First, architects take a hypothesis about the environment based on intuition, insight, or experience. One hypothesis may be that using more history bits in local history two-level predictors may yield high prediction accuracy than increasing the number of entries in the branch history table. Another hypothesis can be that using local history benefits programs in one class but hurts others.
Next, architects typically test such ideas in a restrictive setting, such as an architectural simulator. Simulation precludes interference that is unavoidable in a live experimental setup. It also empowers the architect to model hardware yet not fabricated. (In Sniper, we implement new ideas in the C++ backend.)
The next step for the architect is to design meaningful experiments to validate the hypothesis. This step involves picking: (1) realistic workloads, (2) fair baselines for comparison, and (3) meaningful metrics, and (4) configuration parameters. This step is also known as the experimental methodology. Note that limiting the configuration space also requires intuition and experience. Simulations take a long time to finish. A brute force approach to sweeping through the design space inhibits an architect’s progress.
Next, the architect analyzes the experimental data. They must draw meaningful insights and fair analyses in favor of or against the hypothesis. Interpretation of the experimental data is a critical step in the validation of a new architectural idea.
Finally, if the results are surprising, the architect revisits the hypothesis and proposes a new one.

Your Task#

From the view of hardware, implementing dynamic branch prediction requires two key elements: (1) a set of hardware structures to store the predictor’s state, and (2) logic that informs the processor whether the branch is likely to be taken or not taken. The logic includes a way to generate a prediction and a way to update the predictor’s state. Your task is to implement the data structures and the logic to predict branch outcomes and state updates for three new branch predictors in Sniper’s C++ backend.

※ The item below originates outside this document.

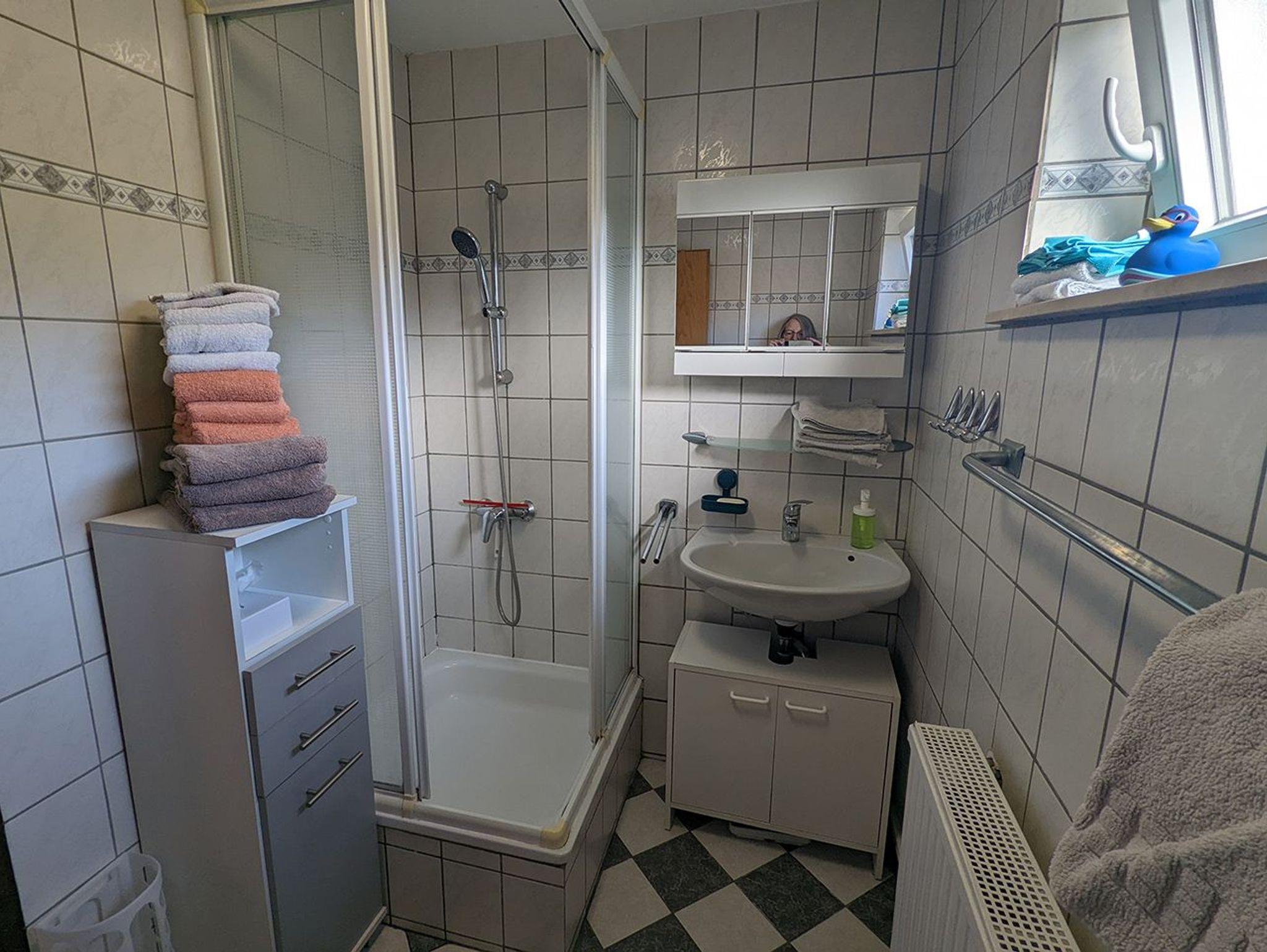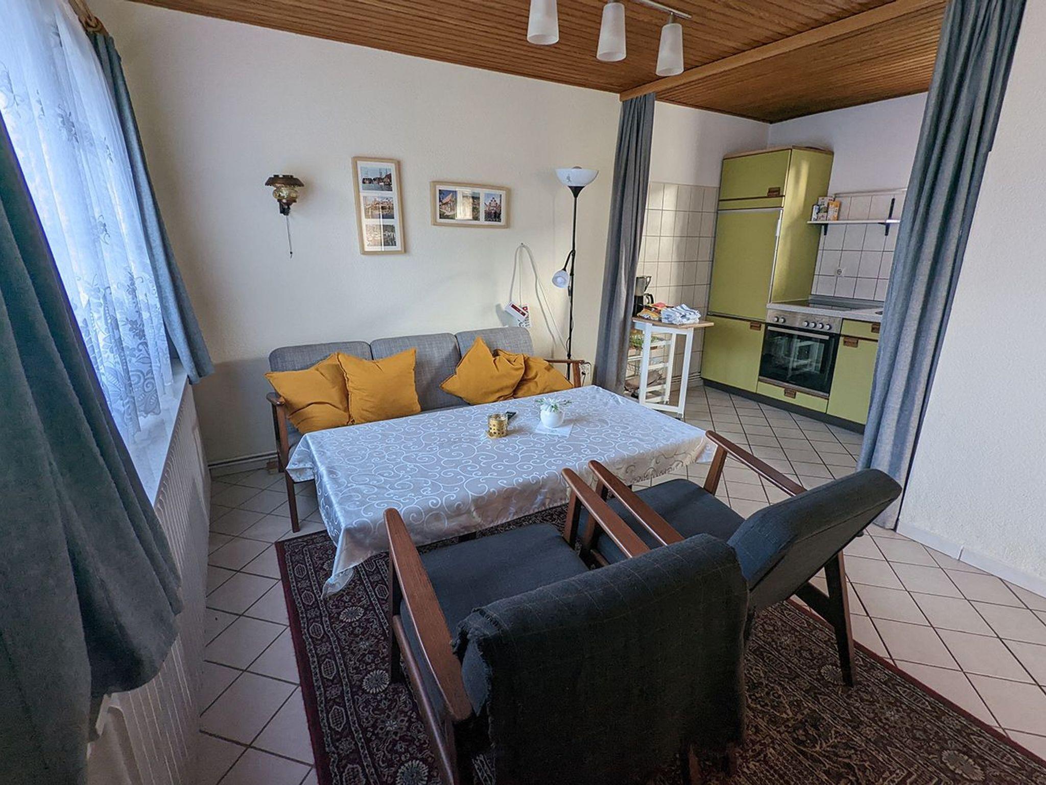 Die ca. 40 m² große Ferienwohnung mit Flur, Wohnzimmer, Duschbad/WC und zwei Schlafräumen ist für 3 Personen geeignet. Sie ist zentralbeheizt, die Böden sind gefliest, im Wohnzimmer liegt ein Teppich. Bad und Doppelzimmer grenzen an das Wohnzimmer. Durch das Doppelzimmer (Durchgangszimmer) erreicht man das zweite Schlafzimmer (Kinderzimmer). Im Kinderzimmer sind Teppichböden und ein Einzelbett (80x200 cm ausziehbar) . Handtücher, Küchentücher und Bettwäsche werden gestellt und wöchentlich gewechselt.

For the predictors, we ask you to compare their accuracy for a fixed hardware budget of 1024 Bytes. Note that each predictor uses a different context and may thus require distinct hardware structures. We leave it to you to configure the various parameters of your newly implemented branch predictors based on your intuition and experimental analysis. You will compare the accuracy of your new branch predictors against a set of baselines. These baselines are already implemented in Sniper. You will also write a brief report quantitatively analyzing your observations for a set of benchmarks.

The Predictors#

The predictors you will need to implement include:

gshare predictor
bi-mode
perceptron

Note that the two direction predictors in bi-mode are similar to the gshare predictor.

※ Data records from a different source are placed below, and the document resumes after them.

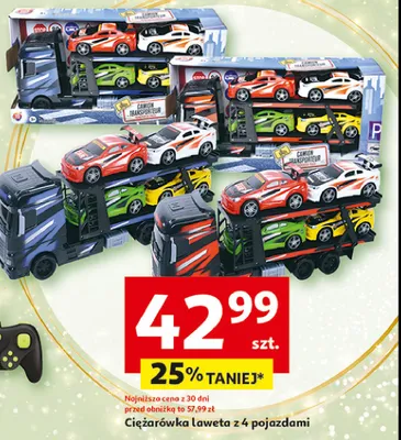 Cena produktu r贸偶ni si臋 w zale偶no艣ci od wybranego sklepu. Niestety nie posiadamy danych o aktualnych promocjach, jednak w艣r贸d archiwalnych ofert Autolaweta z 4 pojazdami kosztuje od 42,99 z艂.
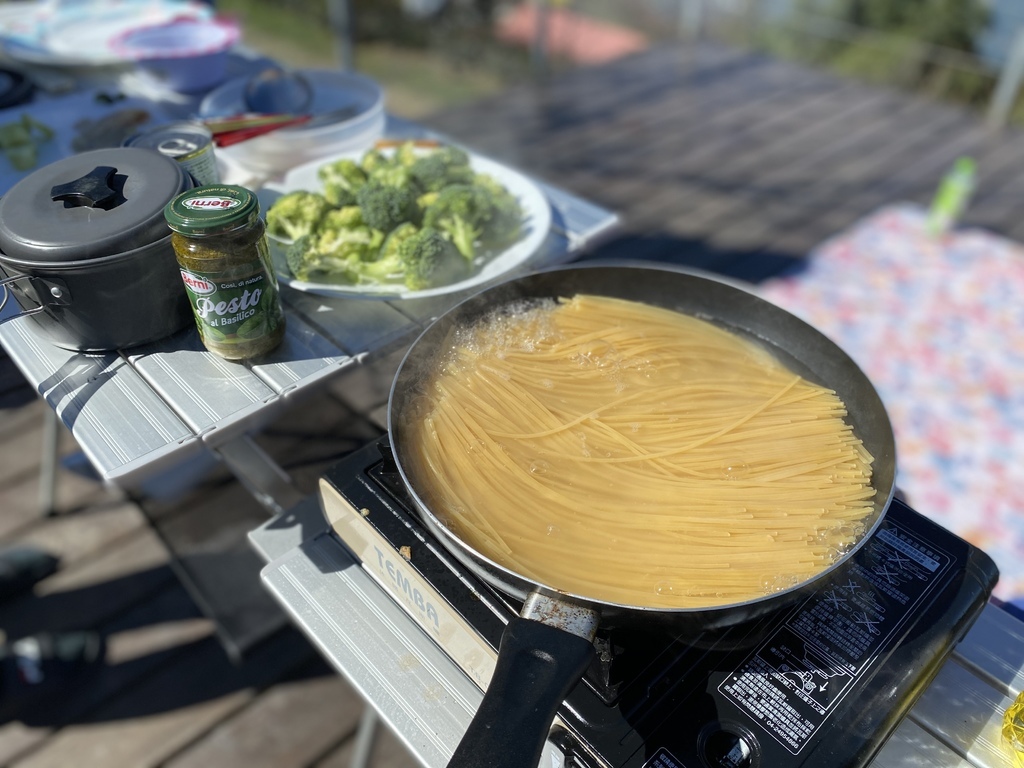- 到的中午十一點時, 我們趕快來煮安排好的最後一餐, 青醬義大利麵
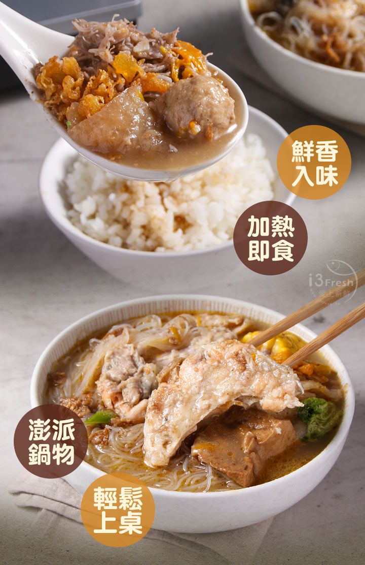 食用方式:冷藏解凍後,拆袋倒入可加熱容器鍋內,以瓦斯爐、電爐等中小火加熱約20-30分鐘(可視情況調整)到沸騰即可食用。
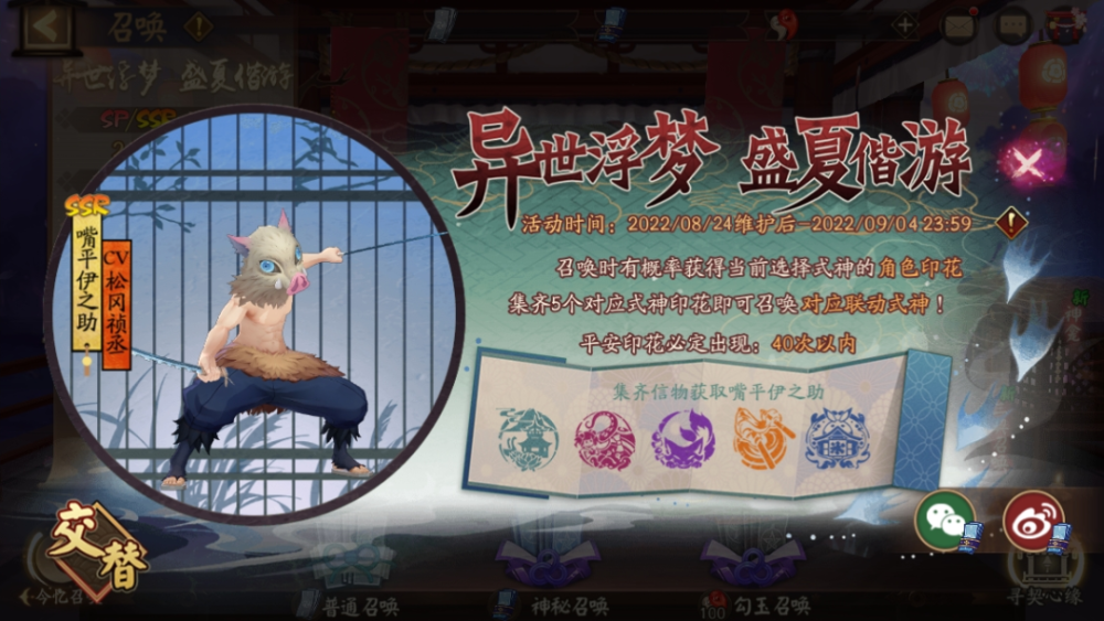 即可定向召唤SSR嘴平伊之助
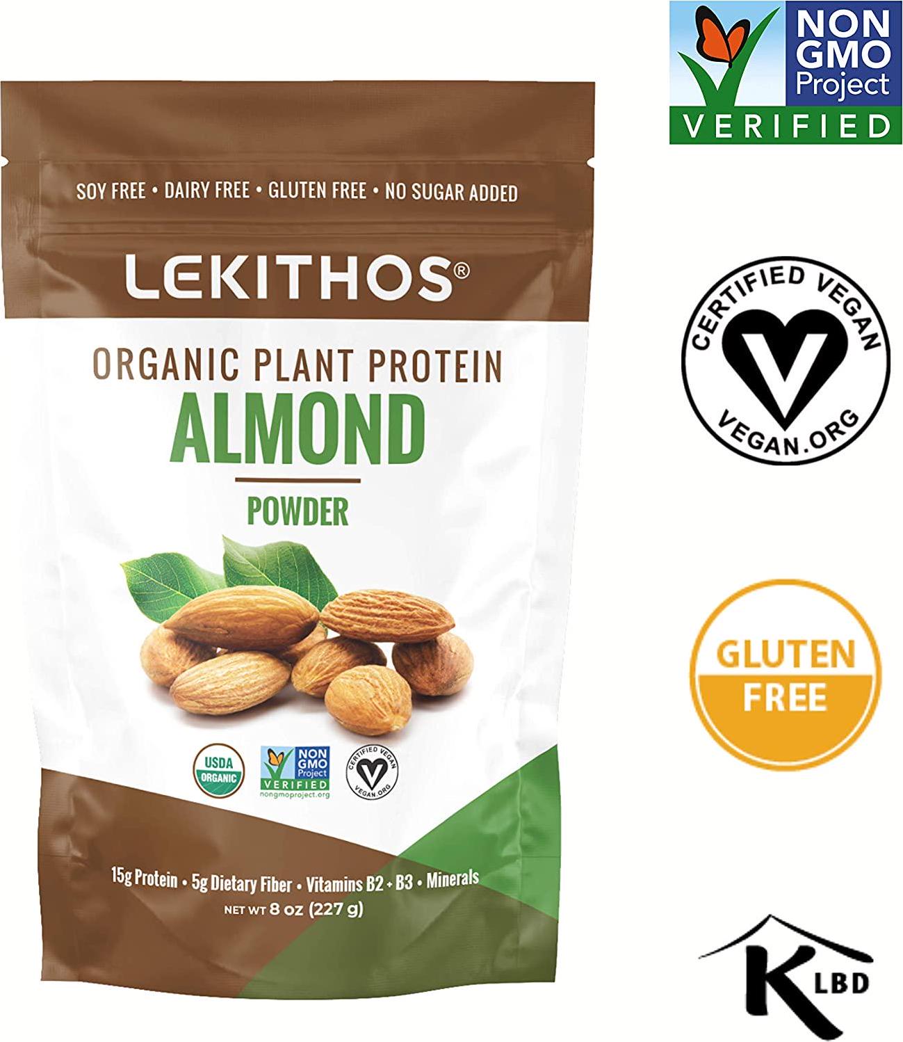 Lekithos Certified Organic Almond Protein Powder - 8 oz -Single Ingredient - Non-GMO Project Verified

Whenever required, use two-bit saturating counters. You can initialize the two-bit saturating counters to any state based on your intuition and analysis.

The Bi-Mode Predictor#

The bi-mode predictor is fully described in a MICRO, 1997 publication. In addition, there is a post on the course forum that clarifies its working.

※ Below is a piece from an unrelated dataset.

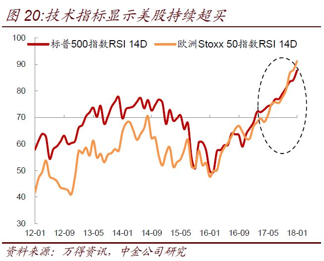 目前美國10年期國債收益率已經回到2013年的水平。我們在1月中旬做的市場調查中,投資者普遍認為今年美國10年期國債收益率的高點可能在2.9%以下(圖13)。但按照目前的形勢,美國國債收益率有可能會繼續走高,下一個關鍵點位是3.0%。如果美國國債收益率以較快的速度上升,那么毫無疑問會將全球債市拉入熊市,同時對風險資產的壓力也將顯露出來。周五全球股市和商品的暴跌反映了市場開始擔心全球流動性較快速度收縮。畢竟次貸危機后的這些年,全球股市、房產等風險資產都依賴于寬松的流動性環境,一旦寬松的流動性環境不再,資產的流動性溢出效應面臨重定價。
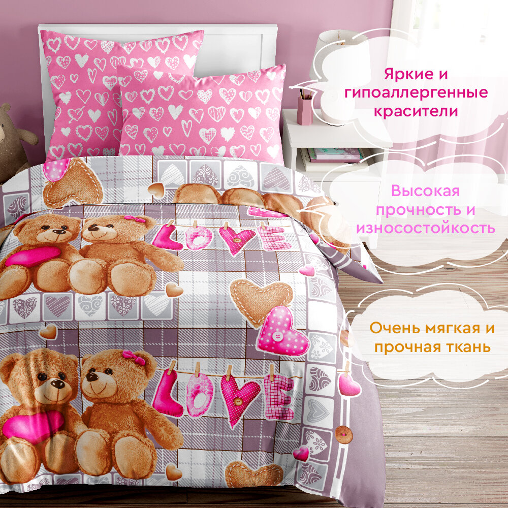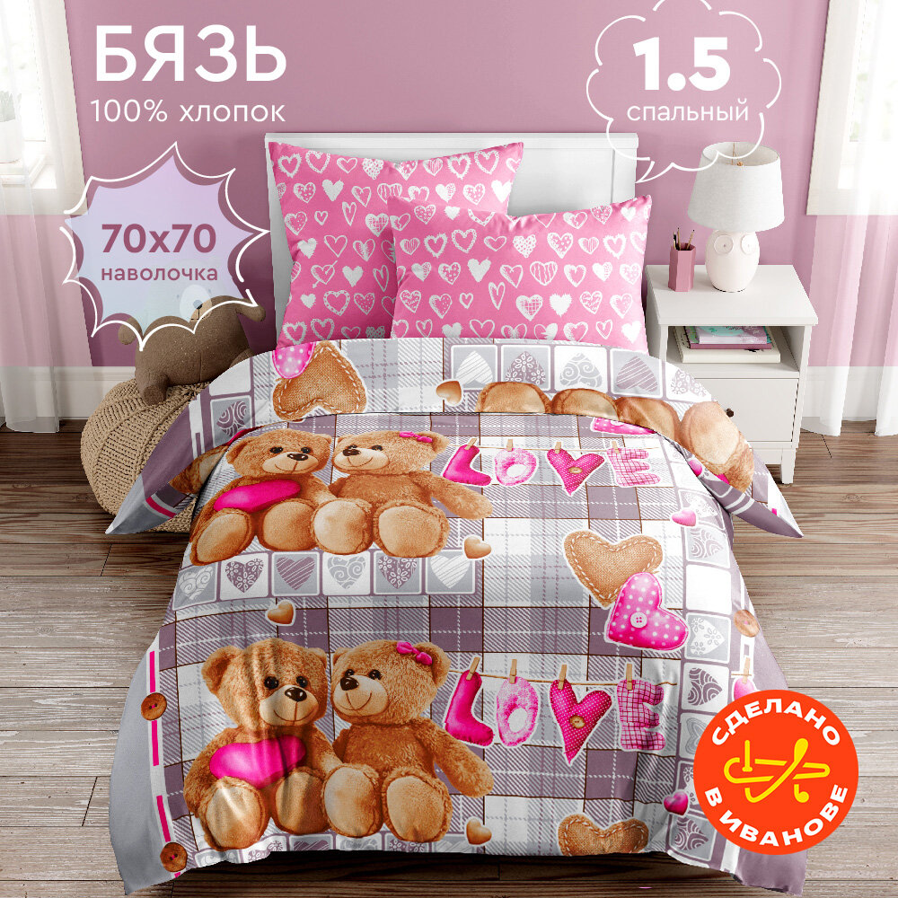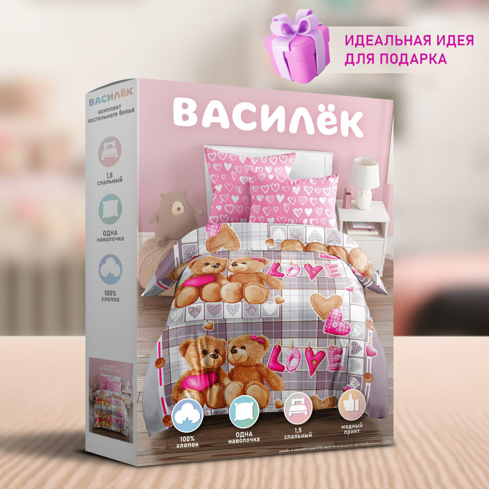 Постельное белье "Василёк" Бязь Тинейджер 7075/1 "Любимый мишка" размер 1,5 спальный для детей и подростков

The bi-mode predictor is an interference-reducing predictor consisting of two direction predictors and a choice predictor. Both direction predictors simultaneously predict the branch outcome. A meta-predictor (choice predictor) chooses the final prediction.

The motivation for the bi-mode predictor is to split branches into two groups (strongly taken and strongly not-taken). Bi-mode then uses two PHTs (direction predictors) and index with the same address-history hash. Since most branches are biased in one direction or the other, the choice predictor (indexed using branch address only) isolates them to a separate PHT, mitigating interference. This way, if two branches map to the same entry in the PHT, they are unlikely to harm each other.

For the direction predictors, we ask you to implement a global history two-level predictor (GAp) predictor, namely gshare. The gshare predictor combines global branch history (stored in the branch history register or BHR) with the branch address using an exclusive-or (XOR) function.

The choice predictor is indexed by the branch address. For the choice predictor, you should implement the prediction using the two-bit saturating Smith counters.

The Perceptron Predictor#

The perceptron predictor is fully described in an HPCA, 2001 publication.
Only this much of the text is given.